> **EXERCISE GOAL**: Copy nothing but the line with "Obsah zložiek v" and the lines that follow it to the end of the entries below, and keep the pictures out.

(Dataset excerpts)
::::
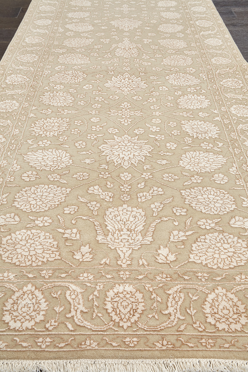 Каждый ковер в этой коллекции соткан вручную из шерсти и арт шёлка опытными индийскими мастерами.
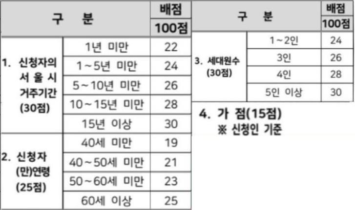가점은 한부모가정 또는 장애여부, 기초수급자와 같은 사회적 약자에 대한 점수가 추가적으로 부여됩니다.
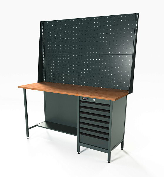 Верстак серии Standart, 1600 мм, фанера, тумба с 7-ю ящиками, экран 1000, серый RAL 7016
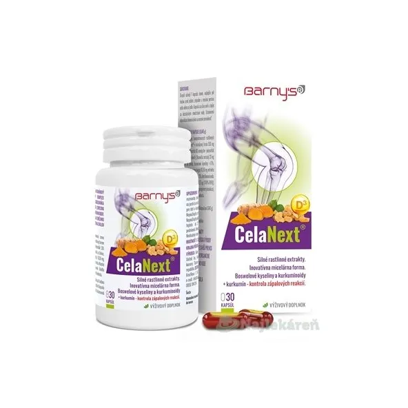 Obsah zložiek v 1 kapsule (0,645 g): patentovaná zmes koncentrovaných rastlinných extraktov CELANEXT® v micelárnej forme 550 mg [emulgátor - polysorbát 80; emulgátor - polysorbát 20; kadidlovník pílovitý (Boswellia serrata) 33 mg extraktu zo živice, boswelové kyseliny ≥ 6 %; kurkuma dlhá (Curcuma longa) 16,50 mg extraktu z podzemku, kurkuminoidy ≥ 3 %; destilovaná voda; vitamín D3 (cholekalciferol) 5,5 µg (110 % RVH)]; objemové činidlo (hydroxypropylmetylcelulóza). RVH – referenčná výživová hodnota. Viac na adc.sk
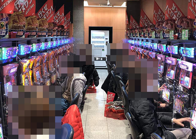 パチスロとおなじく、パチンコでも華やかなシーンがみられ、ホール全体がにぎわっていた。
::::
> **SOLUTION FOR THIS EXERCISE**:
 Obsah zložiek v 1 kapsule (0,645 g): patentovaná zmes koncentrovaných rastlinných extraktov CELANEXT® v micelárnej forme 550 mg [emulgátor - polysorbát 80; emulgátor - polysorbát 20; kadidlovník pílovitý (Boswellia serrata) 33 mg extraktu zo živice, boswelové kyseliny ≥ 6 %; kurkuma dlhá (Curcuma longa) 16,50 mg extraktu z podzemku, kurkuminoidy ≥ 3 %; destilovaná voda; vitamín D3 (cholekalciferol) 5,5 µg (110 % RVH)]; objemové činidlo (hydroxypropylmetylcelulóza). RVH – referenčná výživová hodnota. Viac na adc.sk
 パチスロとおなじく、パチンコでも華やかなシーンがみられ、ホール全体がにぎわっていた。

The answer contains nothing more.